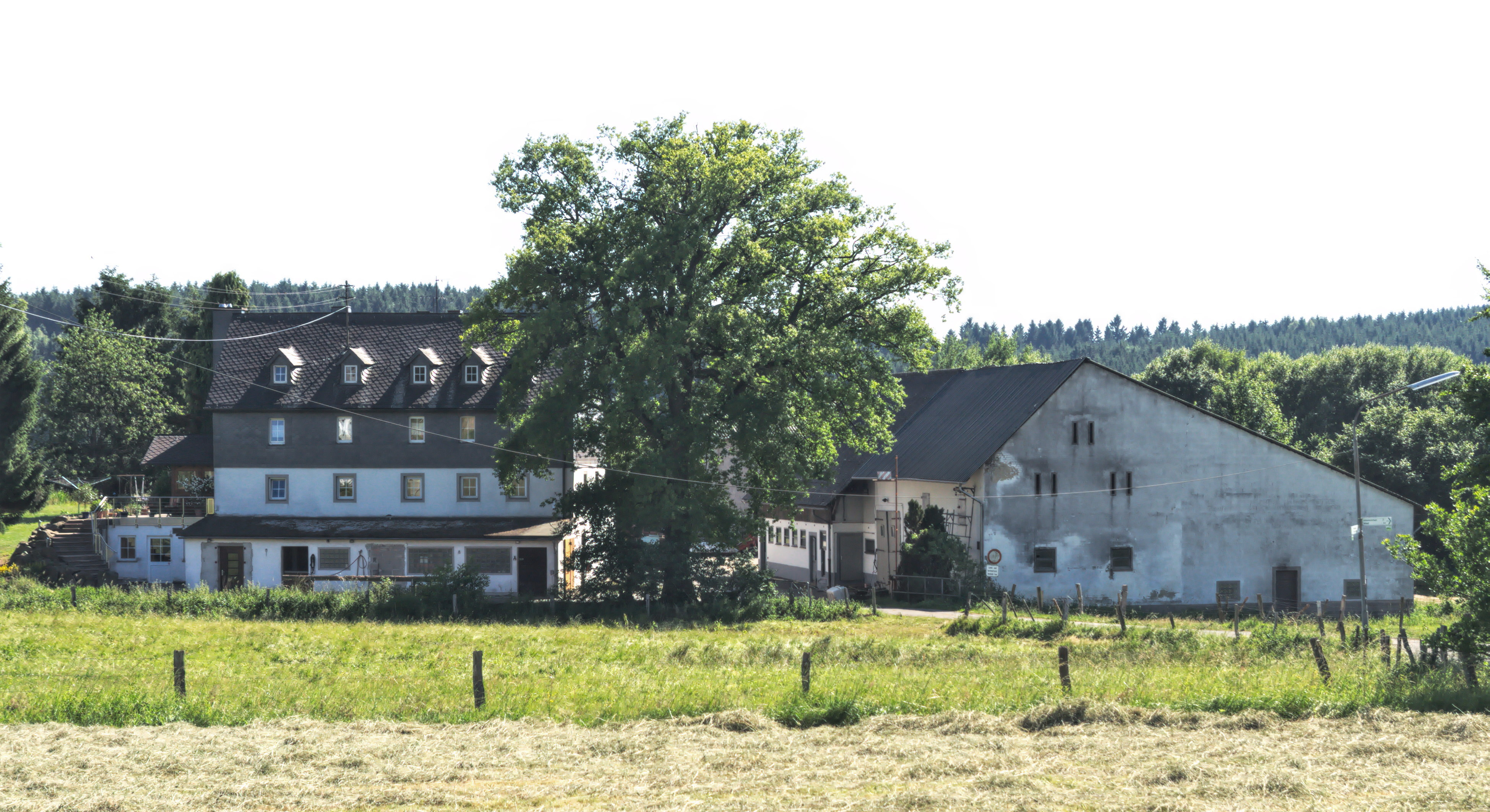 Neumühle mill near Schmidthahn, Steinebach an der Wied, Westerwald, Germany. This former mill building is now used as a farmyard
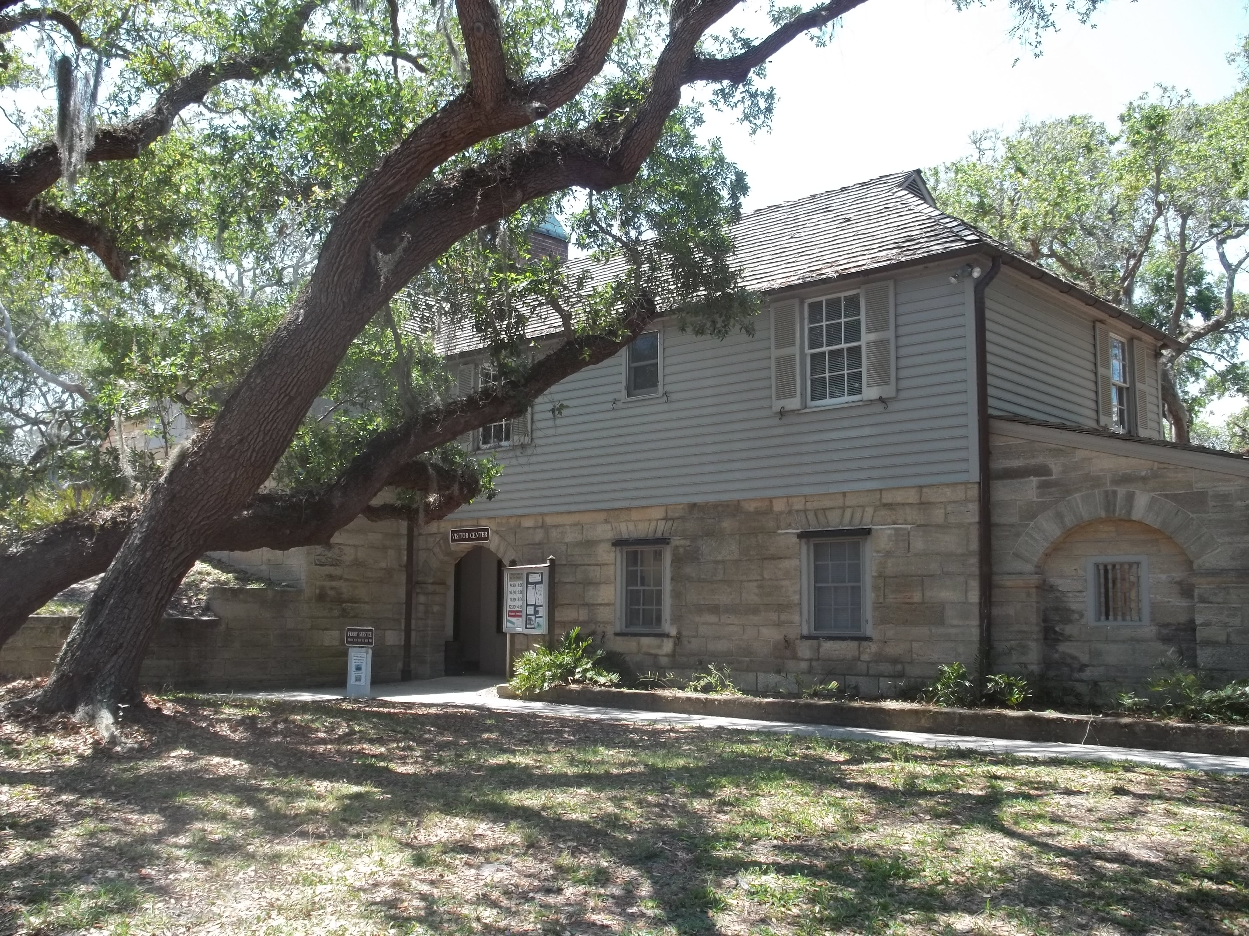 Near Crescent Beach, Florida: Fort Matanzas National Monument Headquarters and Visitor Center
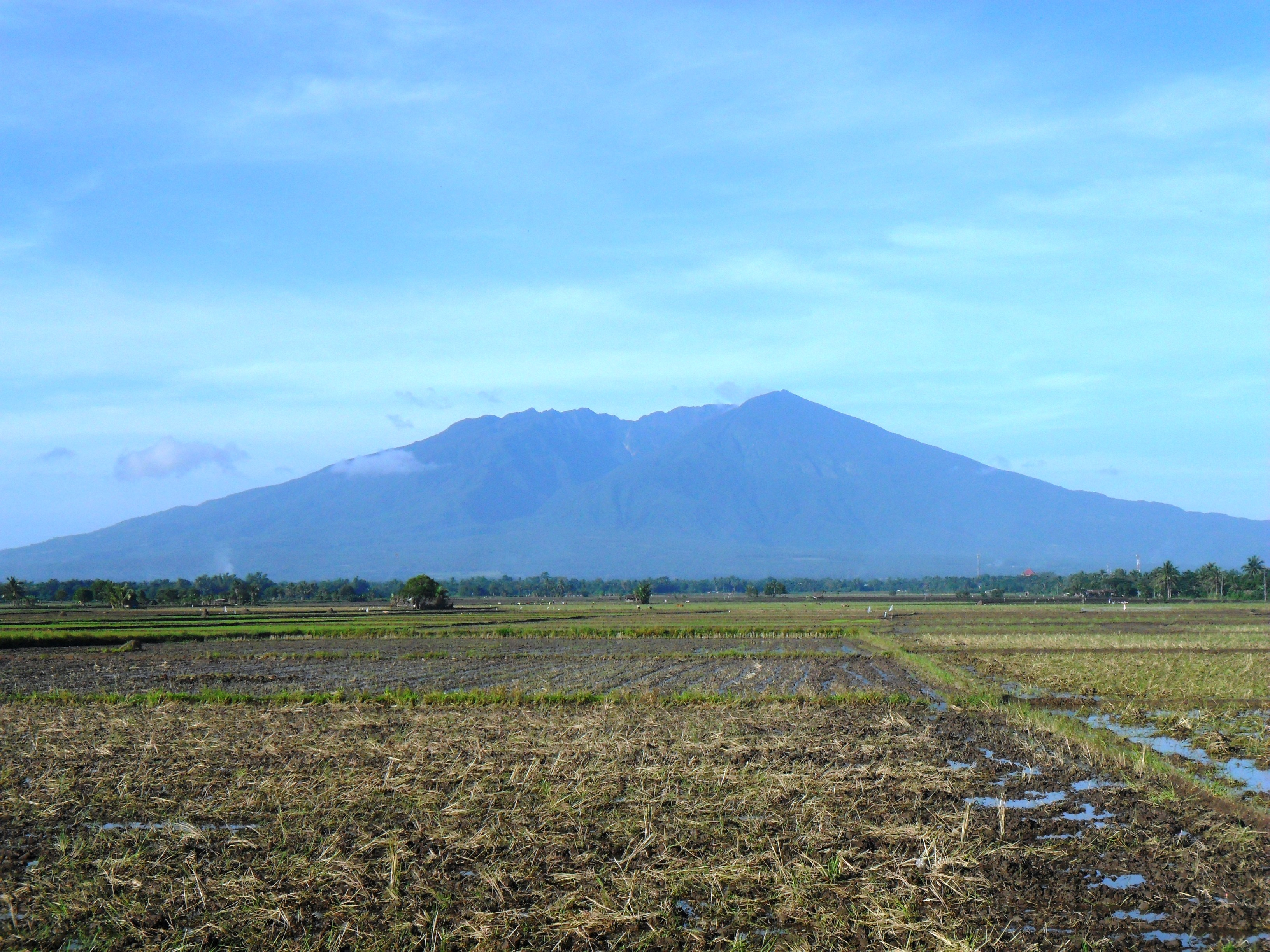 This is the view of Mt. Isarog at the ricefields of Kinalansan, San Jose, Camarines Sur, Philippines.
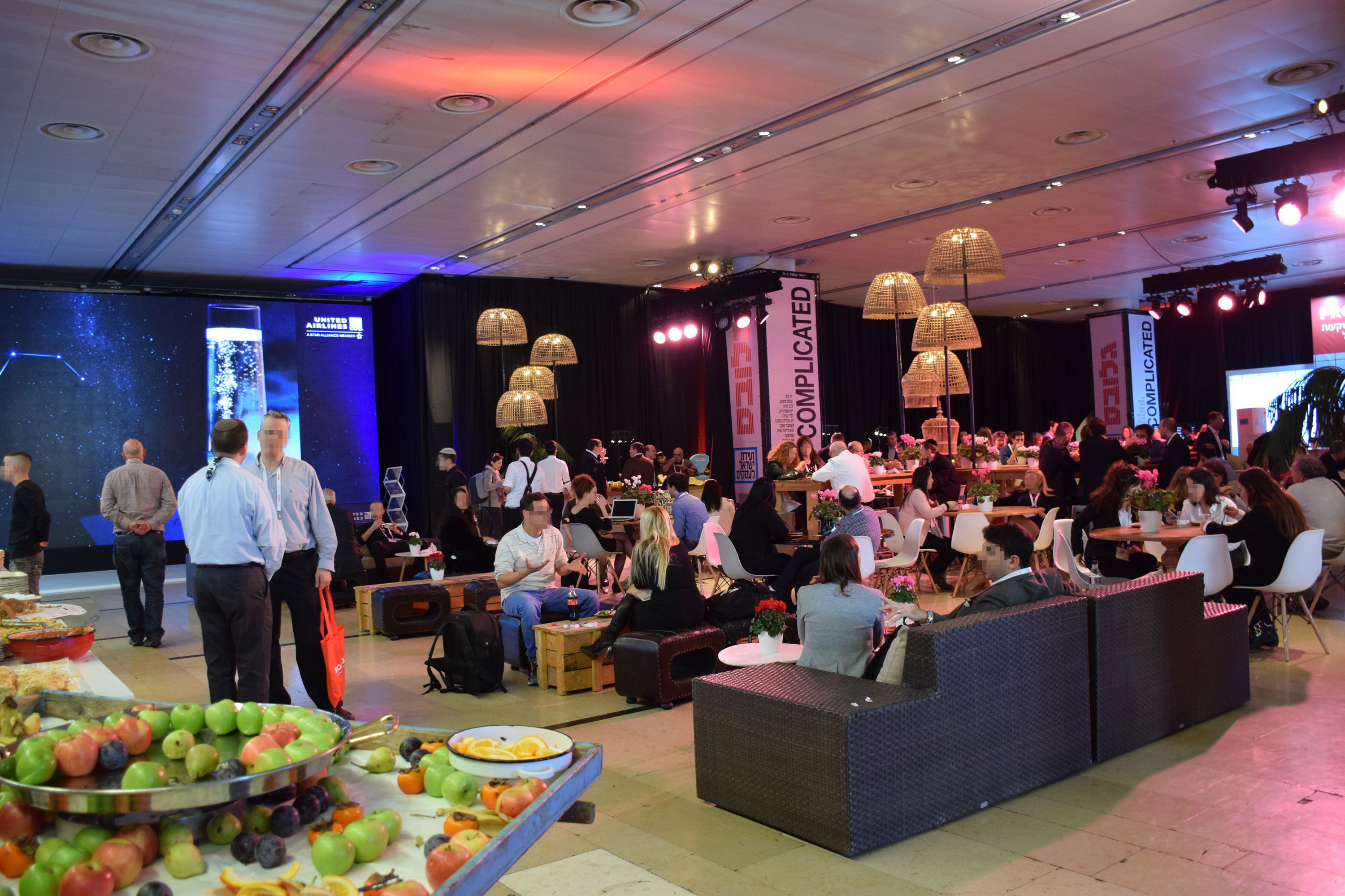 Globes Israel business conference 2018 at International Convention Center Binyenei HaUma

▸ **Work item**
Pictures aside, transcribe exactly the lines from the line containing "Near Crescent Beach, Florida: Fort" through the final line of the material above.

▸ **Result for this task**
 Near Crescent Beach, Florida: Fort Matanzas National Monument Headquarters and Visitor Center
 This is the view of Mt. Isarog at the ricefields of Kinalansan, San Jose, Camarines Sur, Philippines.
 Globes Israel business conference 2018 at International Convention Center Binyenei HaUma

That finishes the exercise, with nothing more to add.